I got thinking about the actions one could track with a camera - in particular, going beyond the basic "splatting and wiping" of the Play games. I've come up with an idea, though I have no idea how one would go about implementing it.
Here's the idea. You're a poltergeist in a haunted house. You float your way around through a first-person camera; movement is done by grabbing 'bars' at the side of the picture and dragging them to rotate in that direction, or pulling/pushing to move yourself forwards/backwards.
You can pick things up in this house, quite literally. The camera tracks your hand movements as you move your hand towards a vase on a table and make a gripping motion. The vase gives off a slight glow to indicate that you have grabbed it. You lift your hand up, the vase floats up off the table. You throw it against the wall, it flies against the wall and smashes.
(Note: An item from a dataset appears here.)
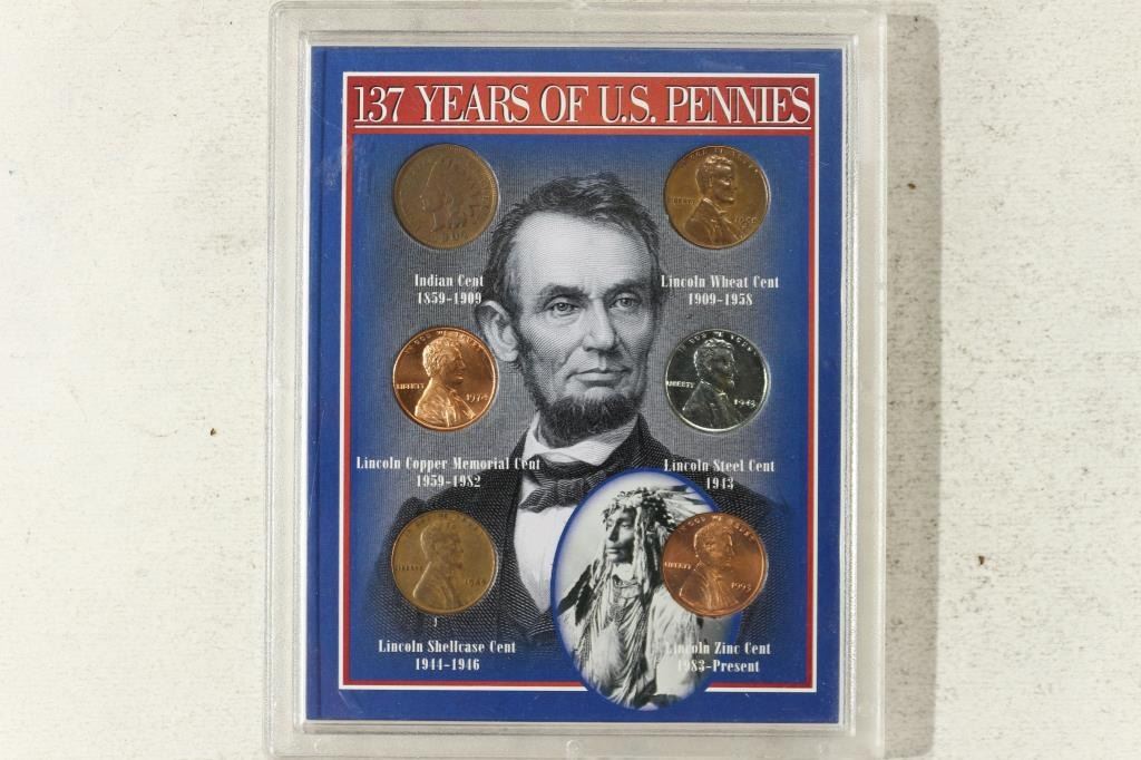 INDIAN HEAD CENT, 3 WHEAT CENTS INCLUDING A STEEL CENT AND 2 MEMORIAL CENTS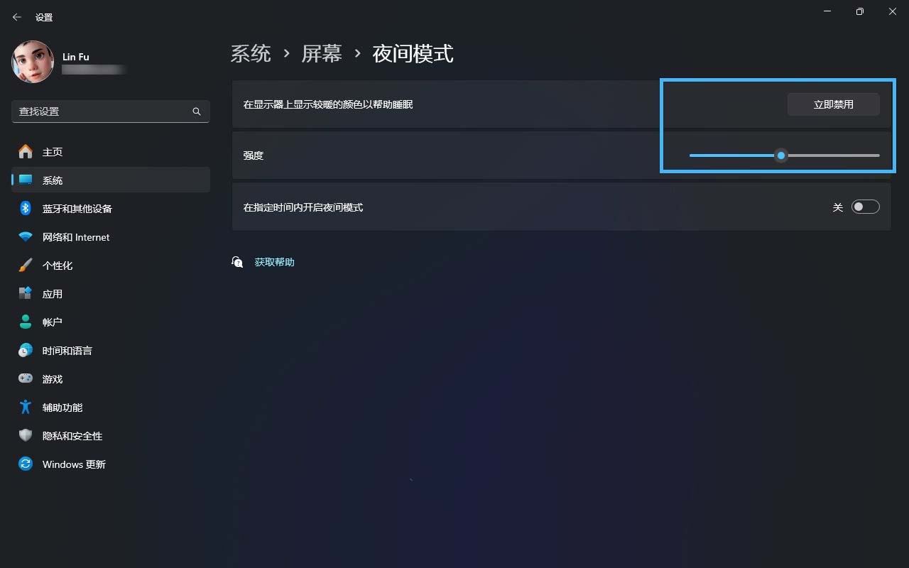 要适应夜间模式的屏幕暖色温可能需要一些时间,但开启这一功能绝对是值得的。特别是在深夜工作的时候,它可以有效减少眼部疲劳,保护你的眼睛。推荐在晚上,将夜间模式与 windows 11 的深色模式配合使用。

Now, I imagine people could have a fair amount of fun just with an empty house like that, but here's the real showstopper: people. Being a haunted house, it is naturally quite popular with the neighbourhood's local teenagers; you could get small numbers of them turning up to explore, or make out, or whatever it is teenagers do in haunted houses.
What do you do with the people? It's completely up to you. You could make it your mission to scare the living daylights out of them, sending them running from the house, screaming for their mommies. You could try and entice them to stay, if you want the company. You could try and change the social dynamics of their group - give the kid who's been bullied into coming along a chance to see his bullies reduced to quivering wrecks. You could even kill them.
And naturally, they respond to your actions as people would respond to a ghost - fear, wonder, anger, curiosity... it's determined by the character of each visitor.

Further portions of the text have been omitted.